“你看到了,一旦我使用灵质,这东西就会在瞬间锁定我,但如果我不用灵质保护自己的躯壳,便无法穿过这片浓雾。”诺恩因此陷入了两难的境地。
诺恩·莫斯里亚的躯壳终究是一个凡人,若是没有灵质的保护,他步入迷雾的结果便是连同肉躯一并被腐蚀殆尽。
“你需要有人来为你开辟道路。”卡尔卡严肃地说道。
既然已经想到了解决的办法,那么现在只需要去做就好了。
她会用灵质来保护诺恩的躯壳,帮助他接近那棵雾树。
“不错,但我想合适的人选并非是你,卡尔卡,在捕获了那具灵质之后,你体内还留有多少力量?”诺恩缓缓摇头道。
现在的情况,带着卡尔卡进去就是让她去送死,她体内的灵质储备此刻并不充裕,只是保护她一人不受迷雾的腐蚀或许已经是极限了,更别提还要分出一半的力量来为诺恩开辟道路。
“是的,卡尔卡女士,您作为否灵重构的学派主,是人类宝贵的财产,又怎么能将自己的性命浪费在这种事情上呢。”一个声音突然出现,只见从两人的身后突然走来了一位年轻人。
“为诺恩教授开辟道路的事情,就交给我来完成吧。”
卡尔卡的目光落在了这个年轻人的脸上,她的脸色不由沉了下来。
“罗素·艾德威尔,你为什么会出现在这里?”
这是灵骸重构的学派主,他本该在会见完卡尔卡之后就离开了学术院,既然如此,又为何会在这个时间点出现?
“如果没有这场意外的话,我想我也不会来到这里。”罗素和蔼地说道,他从口袋里掏出了一封黑色的密函,向着两人展示道:“我收到了学术院送来的密函,为了解决这场危机。”
诺恩此刻上下打量了一眼这个突然出现的年轻人,他属实没有想到这位灵骸重构的学派主会如此年轻,这副躯壳也是重构出来的吗?
与此同时,罗素也将目光投向了诺恩道:“初次见面,诺恩·莫斯里亚先生,我想在这个时间点,你我还素未相识。”
诺恩自然不会刻意忽视掉罗素言语中强调的事情,听上去就像是他并非这个时间点的人。
时间旅行的戏码实在太过寻常了。
“看起来您已经理解了,这样就足够了,您只需要知道我来到这里是为了帮助您烧树的。”
“你知道我的身份?”诺恩问道。
“是的。”罗素平淡的回答道,似乎这并非是什么值得隐藏的秘密。
诺恩点了点头,也不打算这个时候深究什么,只要有人能帮他破开眼前的迷雾,让他能够去把那棵树烧掉就足够了。

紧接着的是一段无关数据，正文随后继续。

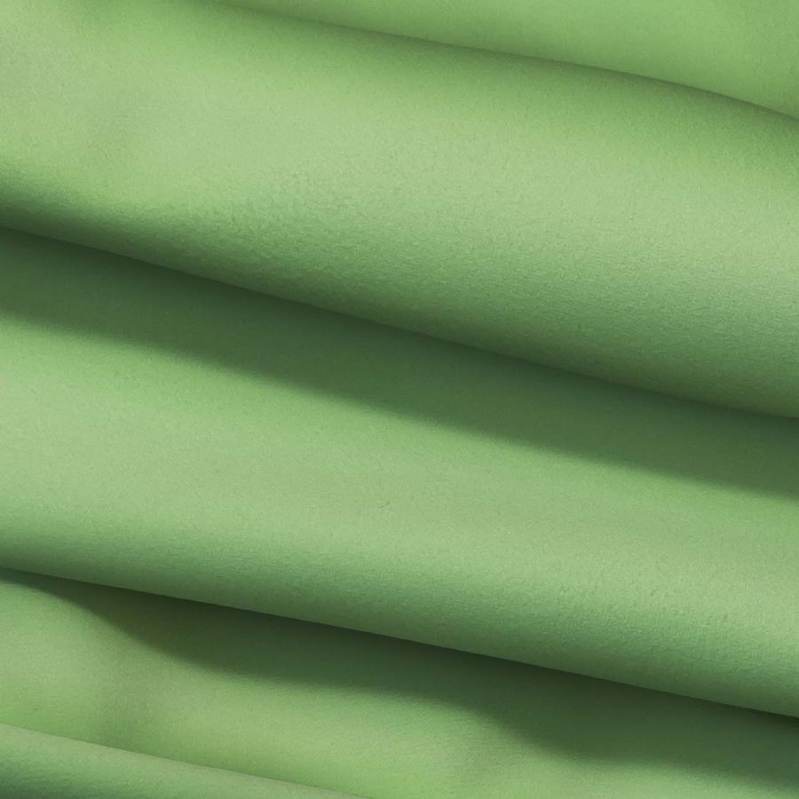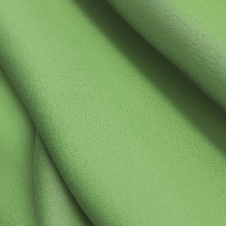La tela base es la Microfibra para Toalla - Swing, con una composición de 100% poliéster y un gramaje de 200 gr/m2. Su ancho es de 160 cm y está diseñada para su uso en aplicaciones de hogar como toallas y paños, así como en ropa deportiva como toallas y albornoces. En cuanto al color liso impreso, es de un vibrante verde pistacho con una tinta cyan del 50%, tinta yellow del 68% y sin tinta black. El CMYK es 50 0 68 0.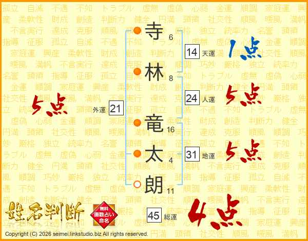 寺(6画)林(8画) 竜(16画)太(4画)朗(11画)

他先是转身对卡尔卡说道:“那么你就留在这里吧,看上去这些树种并不会在意这地方。”
卡尔卡此时也明白了眼前的情况,这个站在自己面前的罗素,并非她所认识的罗素,对方接收到了学术院的密函,从另一个历史中来到了现在。
“我知道了,我会在这里等待一切结束。”卡尔卡理智的没有选择跟上去,现在体内灵质所剩无几的她只会成为拖累,既然如此乖乖待在这里才是最好的选择。
她也只能在这地方,目送着两人一同步入进迷雾之中,看着迷雾吞没了两人的身影。
行走在都兰河的河面上,脚下泛起了阵阵波纹。
两人并排而行,谁也没有开口说话,罗素驱使着自身的灵质附着在诺恩的身体上,为他在这迷雾中提供庇佑,同时也在开辟前方的道路。
不知行走了多久,身旁的学派主才终于开口道:
“得益于灵性逆因学派构筑的奇迹,我才能回到这里,来弥补灵骸重构学派犯下的过错。”
“我欠你们一个道歉,诺恩先生。”
诺恩看向了这位学派主道:“说这些并无意义,我更好奇你究竟是来自过去,还是来自未来?”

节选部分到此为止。